George Millay’s Do’s and Don’t for Entrepreneurs Wanting to Own their Own Park:
- Do: Always try to buy the land you are developing. Leases can be self defeating.
- Don’t lease: Your ideas, hard work and capital first create wealth for the landlord.
- Do: If you cannot purchase the land, get an option to buy the land at a future date at two or three times the original valuation. A landlord will go for an option that he thinks is high. But spinning turnstiles sometimes makes the original number look cheap.
- Don’t: Forget to spend as soon as you ink a deal, spend substantial capital on your attraction.
- Do: Get options to purchase surrounding land. It’s easier to acquire options on surrounding land before the park opens.
- Do: Remember that more money is usually made on real estate than on park revenues.

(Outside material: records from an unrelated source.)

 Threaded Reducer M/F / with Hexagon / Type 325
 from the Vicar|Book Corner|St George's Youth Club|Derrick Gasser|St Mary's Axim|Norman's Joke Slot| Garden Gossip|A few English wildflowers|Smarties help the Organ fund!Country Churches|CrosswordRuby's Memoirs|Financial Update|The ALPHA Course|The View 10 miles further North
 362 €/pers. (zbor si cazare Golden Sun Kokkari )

- Do: Bargain hard with real estate developers. They act enthusiastic about your deal, but they are really just excited about what your deal will do for their surrounding property. Use your ideas and capital as leverage to get a better deal.

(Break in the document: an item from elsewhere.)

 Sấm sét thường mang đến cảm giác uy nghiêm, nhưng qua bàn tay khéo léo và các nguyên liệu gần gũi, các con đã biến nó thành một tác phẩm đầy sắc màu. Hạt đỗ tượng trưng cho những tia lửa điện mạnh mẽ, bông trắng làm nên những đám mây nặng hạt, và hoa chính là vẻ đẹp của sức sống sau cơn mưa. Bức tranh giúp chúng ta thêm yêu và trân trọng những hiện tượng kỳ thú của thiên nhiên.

- Do: Get a non-compete on land surrounding your property, and make that agreement as diversified as possible.
- Don’t ever agree to a raise in rent at a future date based on higher revenues. The future is tough to ponder.
- Don’t throw the landlord “a bone” unnecessarily.

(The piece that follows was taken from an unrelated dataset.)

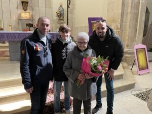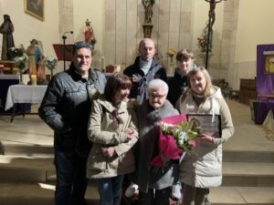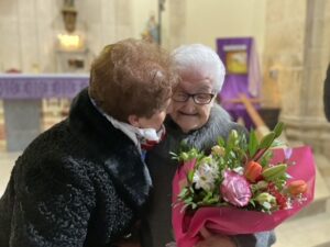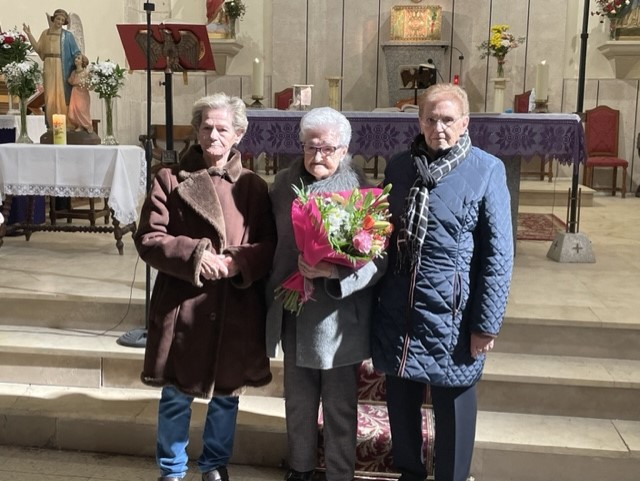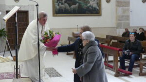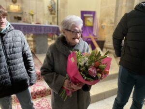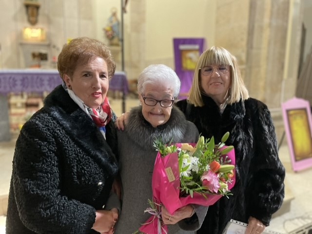 A las doce y media de la mañana se celebró la Eucaristía en la parroquia de San Pedro en donde se obsequió a Josefa con un ramo de flores y una placa conmemorativa de este día tan significativo. La homenajeada ha estado acompañada por socios de la asociación, miembros del Ayuntamiento, familiares y amigos.

- Don’t ever feel sorry for the landlord. Sooner or later he will be your enemy. If he wants a favor, get a concession. His heirs may not be that easy to deal with either.
- Do remember: When a quid pro quo exists, take advantage of it. Give landlords no quarter.
- Don’t: If you take a company public. Don’t treat stock options for your key players lightly.
- Do: Use cash, bonuses, 401k, and salary raises to aid in employee retention.
- Don’t go public just because a market is hot or just because an underwriter wants your business. Some promoters are not suited to running a public company.
- Do remember: When you’re private, you run the company. When you’re a public company, lawyers and accountants have far too much to say. Don’t be at the whim of securites investors. It is better to stay private.
- Do: When forming a new venture, find investors and stockholders who are emotionally and psychologically in sync with you and your objectives.
- Do: When you need capital, get it when you can. But knowing an investor’s goals are important. Keeping investors happy is tough enough but to deal with an emotional investor whose objectives are not the same as yours can be disturbing.
- Go home, look around. Investigate and start dreaming. But don’t make dreams your aim.